# [Task objective]
In the entries that follow, repeat exactly the lines from the one that has "Cut from double" through the one that has "Figure 1. Annual", but omit pictures.

# [Records shown]
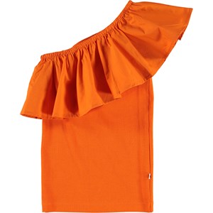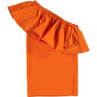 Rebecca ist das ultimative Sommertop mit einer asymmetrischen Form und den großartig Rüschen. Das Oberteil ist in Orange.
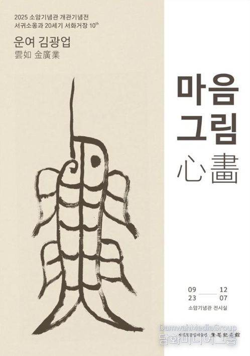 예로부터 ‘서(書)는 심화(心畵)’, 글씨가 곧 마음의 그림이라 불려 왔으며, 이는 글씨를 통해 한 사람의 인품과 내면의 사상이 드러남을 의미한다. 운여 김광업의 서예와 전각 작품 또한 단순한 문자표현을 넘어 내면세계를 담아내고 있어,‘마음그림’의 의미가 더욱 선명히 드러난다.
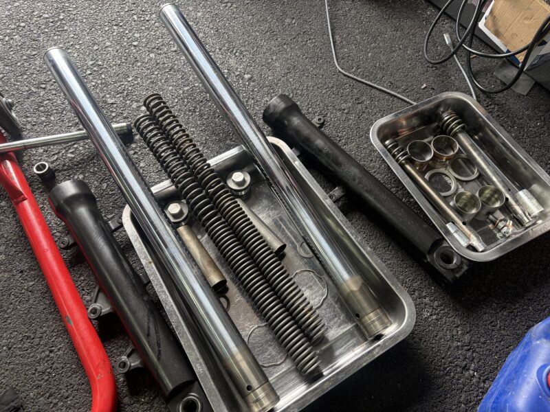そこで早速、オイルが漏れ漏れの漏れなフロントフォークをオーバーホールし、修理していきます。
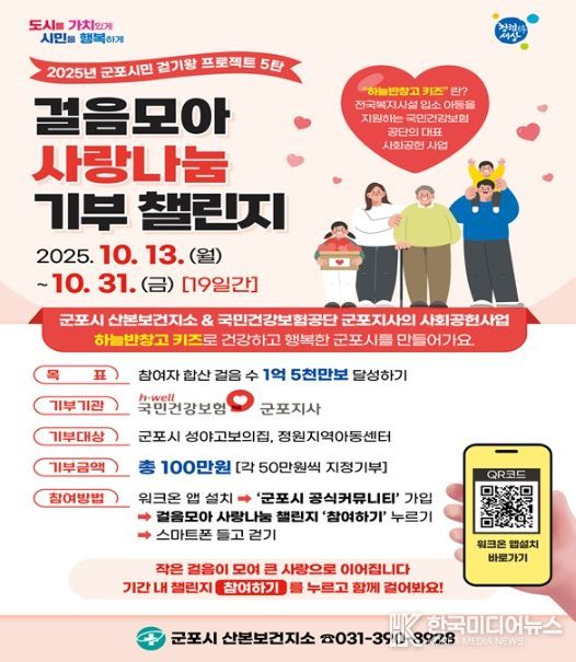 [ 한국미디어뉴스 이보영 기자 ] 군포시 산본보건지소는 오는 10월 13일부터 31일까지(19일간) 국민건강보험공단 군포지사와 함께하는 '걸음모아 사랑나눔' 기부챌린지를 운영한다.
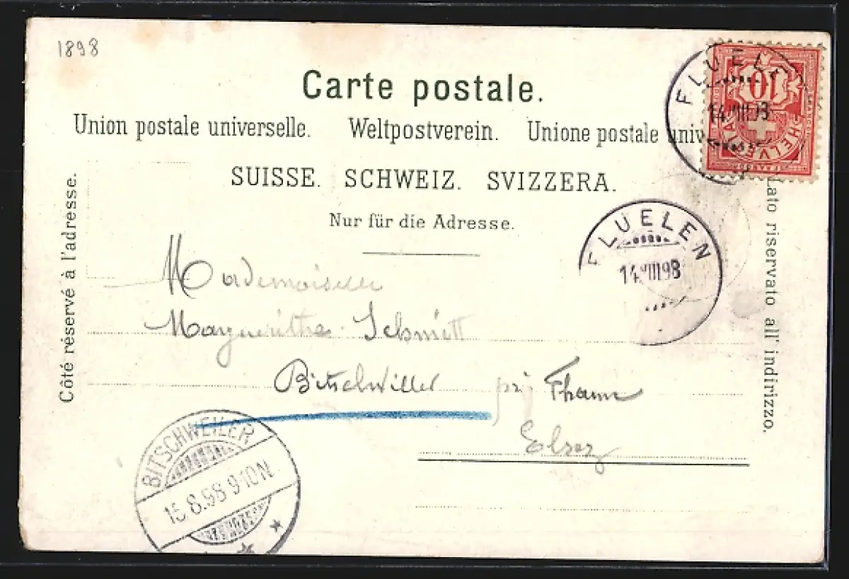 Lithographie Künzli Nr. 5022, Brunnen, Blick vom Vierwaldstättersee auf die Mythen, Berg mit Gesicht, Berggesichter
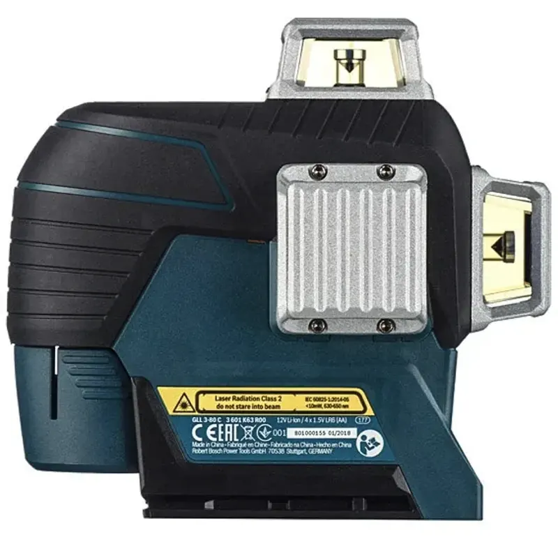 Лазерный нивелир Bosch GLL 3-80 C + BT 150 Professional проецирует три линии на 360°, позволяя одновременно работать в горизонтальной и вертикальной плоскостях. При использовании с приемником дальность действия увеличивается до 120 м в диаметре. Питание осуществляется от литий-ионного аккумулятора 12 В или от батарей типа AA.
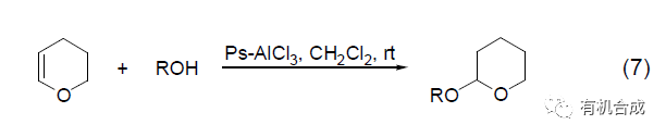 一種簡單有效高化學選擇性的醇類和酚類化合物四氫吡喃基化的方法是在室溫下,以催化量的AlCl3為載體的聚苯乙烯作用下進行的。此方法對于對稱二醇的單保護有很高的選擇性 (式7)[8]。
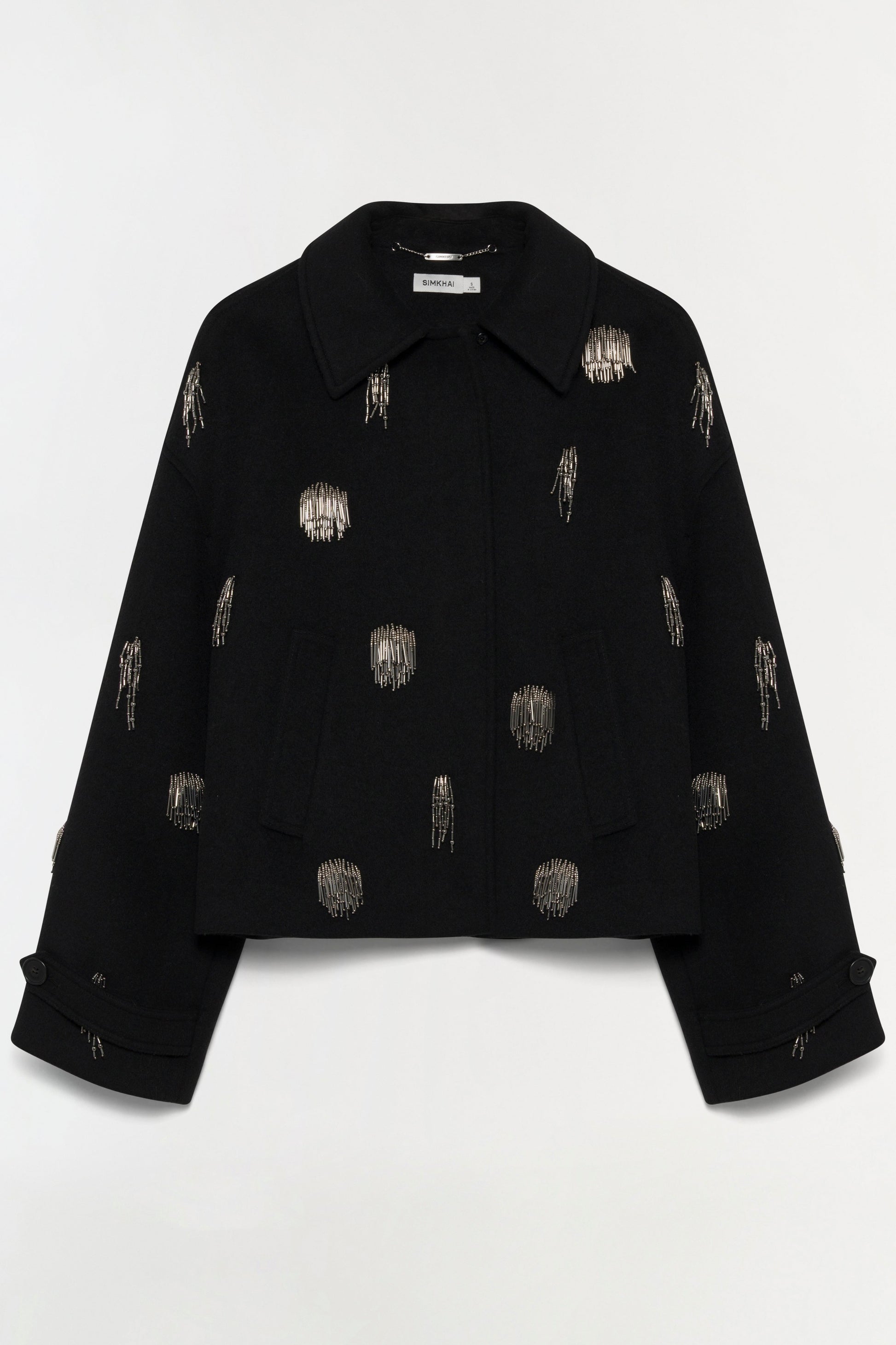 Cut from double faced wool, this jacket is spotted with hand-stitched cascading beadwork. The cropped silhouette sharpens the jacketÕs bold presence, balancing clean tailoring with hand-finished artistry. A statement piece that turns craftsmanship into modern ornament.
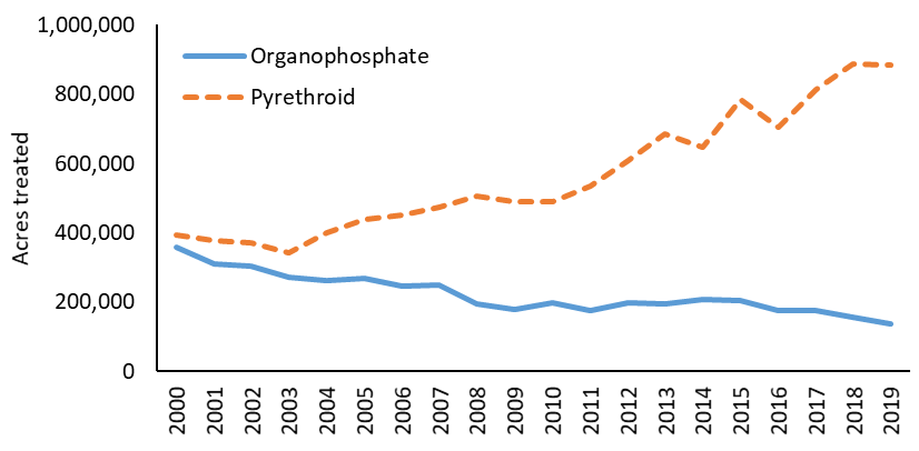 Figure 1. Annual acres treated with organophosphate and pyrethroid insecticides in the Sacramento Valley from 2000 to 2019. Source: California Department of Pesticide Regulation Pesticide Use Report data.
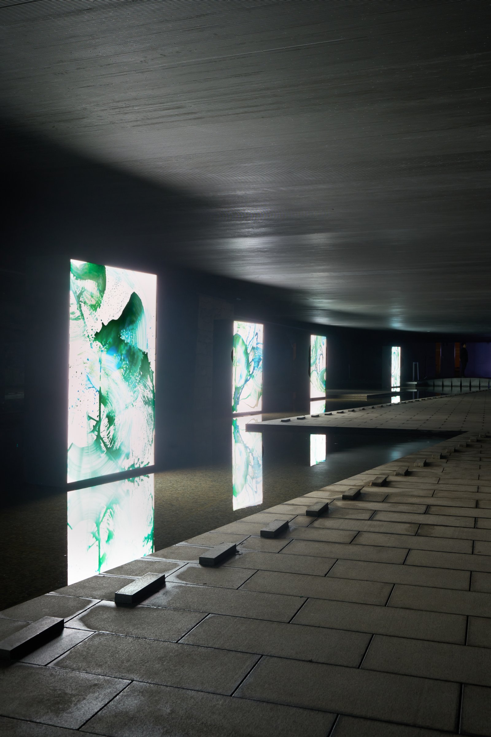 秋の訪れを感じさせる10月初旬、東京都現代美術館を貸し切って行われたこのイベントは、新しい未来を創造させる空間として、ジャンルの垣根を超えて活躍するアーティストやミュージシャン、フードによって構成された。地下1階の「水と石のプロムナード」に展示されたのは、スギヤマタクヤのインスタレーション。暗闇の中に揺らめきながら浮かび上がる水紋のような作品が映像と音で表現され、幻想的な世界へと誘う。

# [Solution]
 Cut from double faced wool, this jacket is spotted with hand-stitched cascading beadwork. The cropped silhouette sharpens the jacketÕs bold presence, balancing clean tailoring with hand-finished artistry. A statement piece that turns craftsmanship into modern ornament.
 Figure 1. Annual acres treated with organophosphate and pyrethroid insecticides in the Sacramento Valley from 2000 to 2019. Source: California Department of Pesticide Regulation Pesticide Use Report data.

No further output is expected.